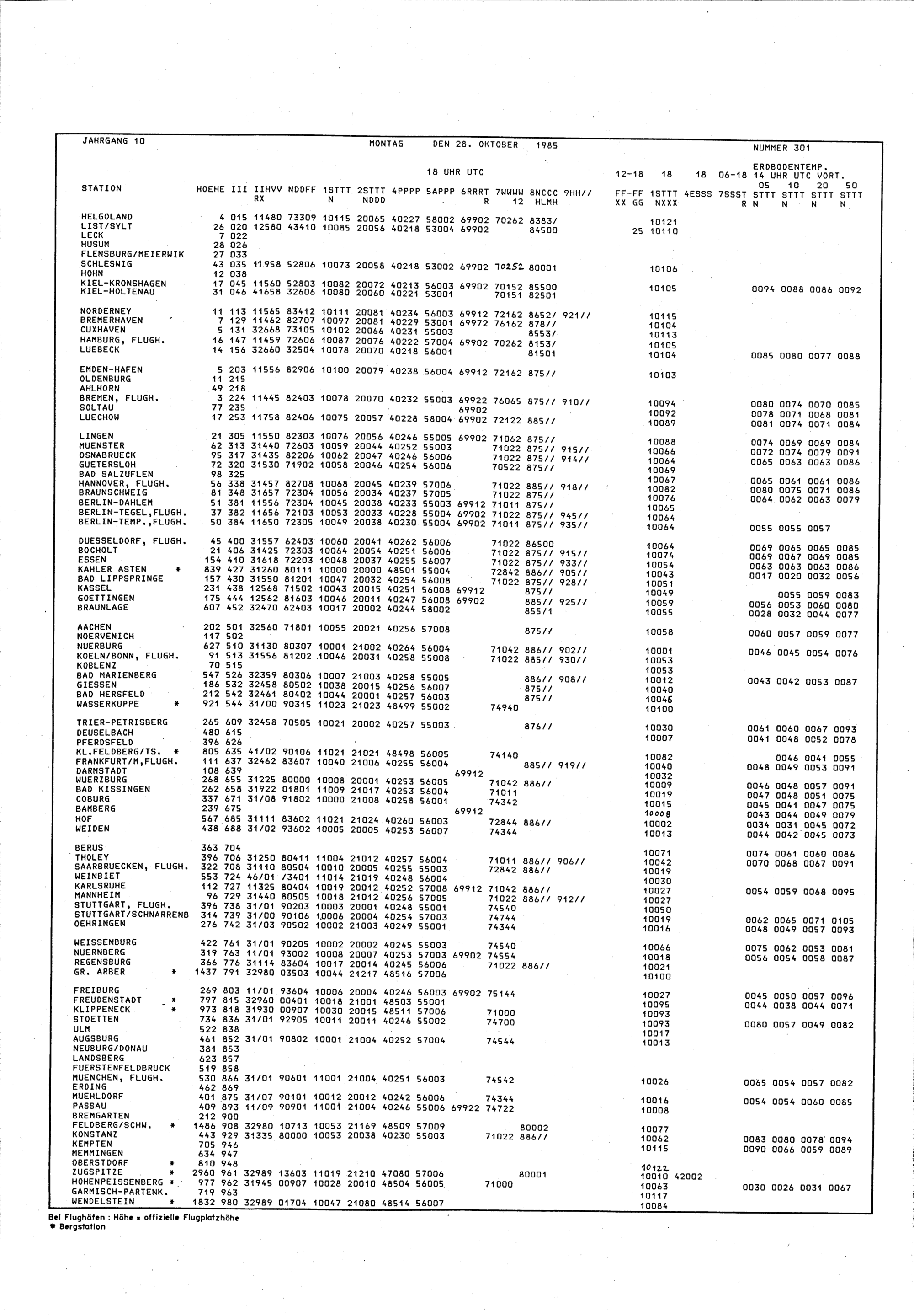 Europäischer Wetterbericht. Beilage 1, Bodenwettermeldungen. 1976-1994
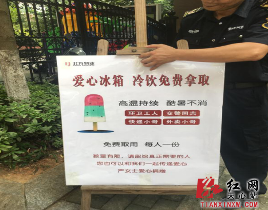 9月2日,青园街道友谊社区地铁口网格华城北小区业主严女士通过联系湘府华城客户服务中心,捐献出一台“爱心冰箱”。提供农夫山泉矿泉水,为高温下快递哥、保洁人员送去一份“清凉”。
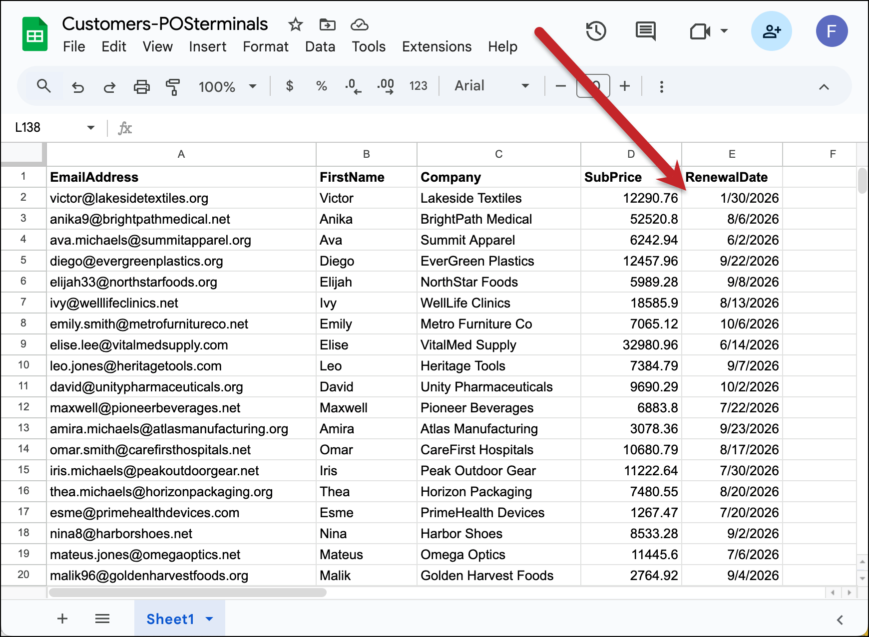In my example, I’ve prepared by Google Sheet and for each customer I have the date I want to remind them about renewing their service.

• • • •

Problem to solve
Print only the lines from the one with "9月2日,青园街道友谊社区地" through the last line of the data above, exactly and with both ends, and please omit any pictures.

Task output
 9月2日,青园街道友谊社区地铁口网格华城北小区业主严女士通过联系湘府华城客户服务中心,捐献出一台“爱心冰箱”。提供农夫山泉矿泉水,为高温下快递哥、保洁人员送去一份“清凉”。
In my example, I’ve prepared by Google Sheet and for each customer I have the date I want to remind them about renewing their service.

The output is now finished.